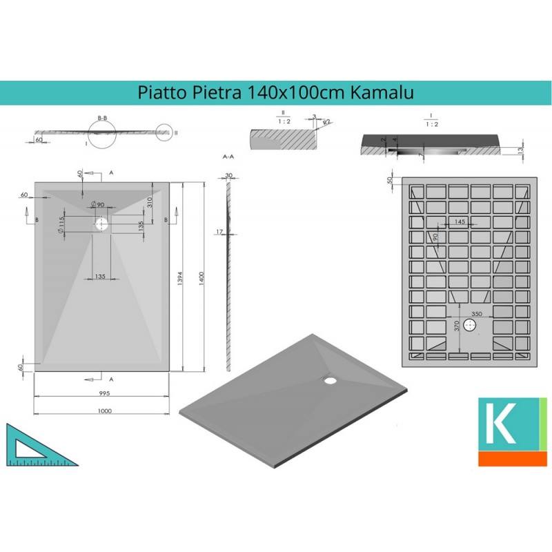 Kamalu 140x100 moderno piatto doccia con effetto pietra nera Color ardesia acrilico pietra artificiale resina SMC per il bagno Hotel
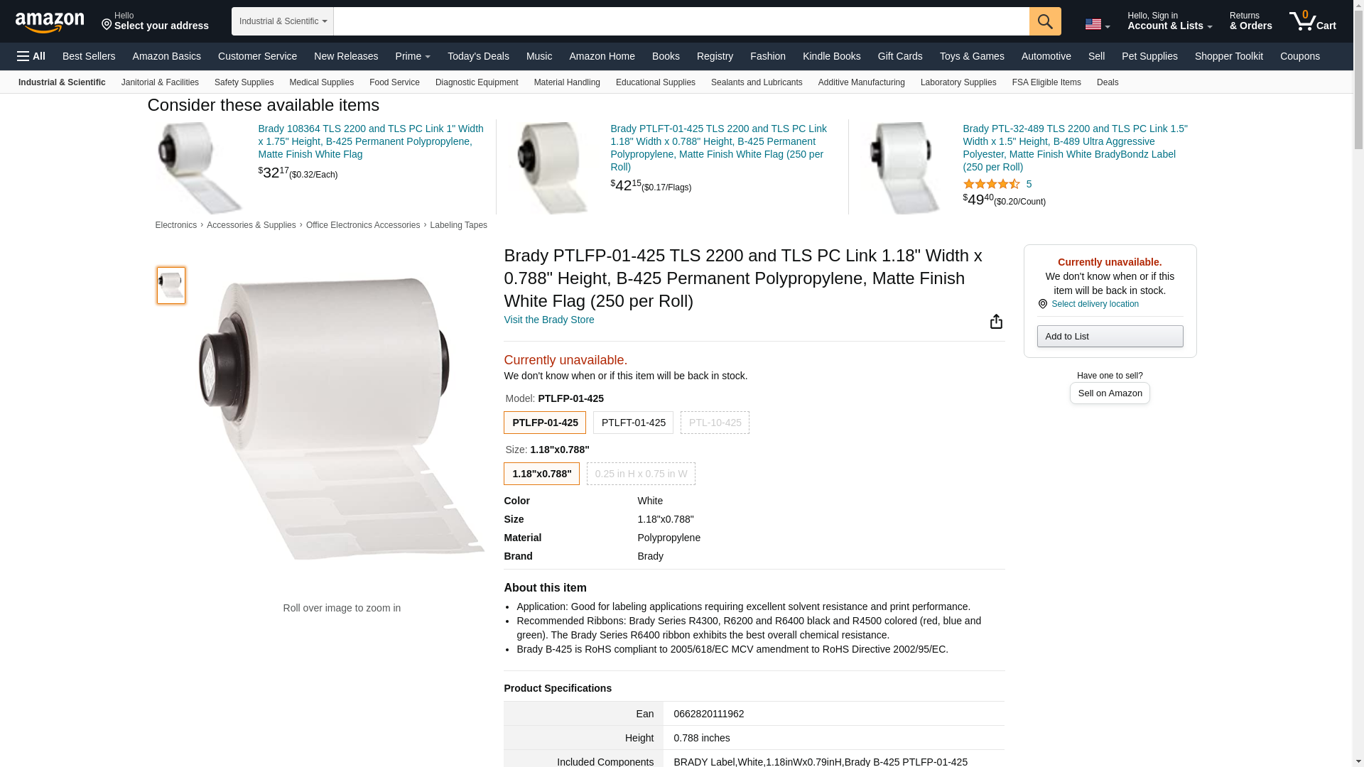 Brady PTLFP-01-425 TLS 2200 and TLS PC Link 1.18" Width x 0.788" Height, B-425 Permanent Polypropylene, Matte Finish White Flag (250 per Roll)
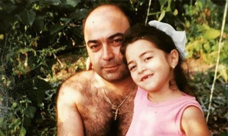 Լուսանկարում երգչուհին հոր գրկում է:
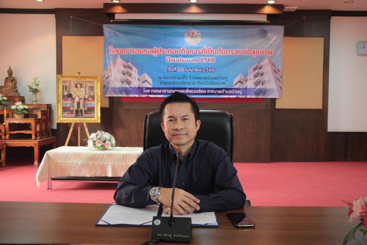 วันนี้ 20 เมษายน 2566 กองสาธารณสุขฯ เทศบาลตำบลบ้านดู่ ได้ดำเนินการจัดโครงการอบรมผู้ประกอบกิจการที่เป็นอันตรายต่อสุขภาพ ปีงบประมาณ พ.ศ.2566
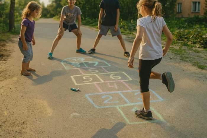 Несколько нарисованных мелом квадратов и камешек — и всё, ты уже в игре. Прыжки по клеткам на одной ноге казались лёгкими, но в реальности требовали ловкости и баланса. Девочки часто украшали поле цветными узорами, а мальчишки — сокращали правила «для скорости».
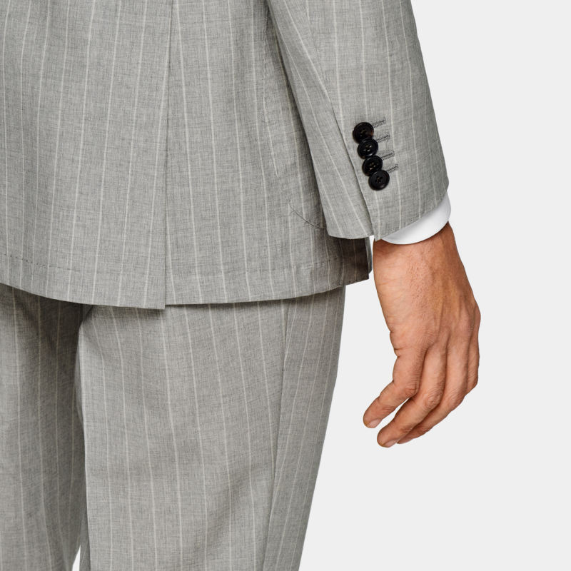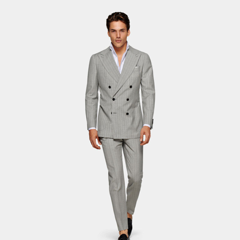 Customize Fashion City Light Gray S130 Wool Double-breasted Men's Slim Suit

*****

YOUR OBJECTIVE -> Reproduce the material word for word, minus the images.

OUTPUT ->
 Kamalu 140x100 moderno piatto doccia con effetto pietra nera Color ardesia acrilico pietra artificiale resina SMC per il bagno Hotel
 Brady PTLFP-01-425 TLS 2200 and TLS PC Link 1.18" Width x 0.788" Height, B-425 Permanent Polypropylene, Matte Finish White Flag (250 per Roll)
 Լուսանկարում երգչուհին հոր գրկում է:
 วันนี้ 20 เมษายน 2566 กองสาธารณสุขฯ เทศบาลตำบลบ้านดู่ ได้ดำเนินการจัดโครงการอบรมผู้ประกอบกิจการที่เป็นอันตรายต่อสุขภาพ ปีงบประมาณ พ.ศ.2566
 Несколько нарисованных мелом квадратов и камешек — и всё, ты уже в игре. Прыжки по клеткам на одной ноге казались лёгкими, но в реальности требовали ловкости и баланса. Девочки часто украшали поле цветными узорами, а мальчишки — сокращали правила «для скорости».
 Customize Fashion City Light Gray S130 Wool Double-breasted Men's Slim Suit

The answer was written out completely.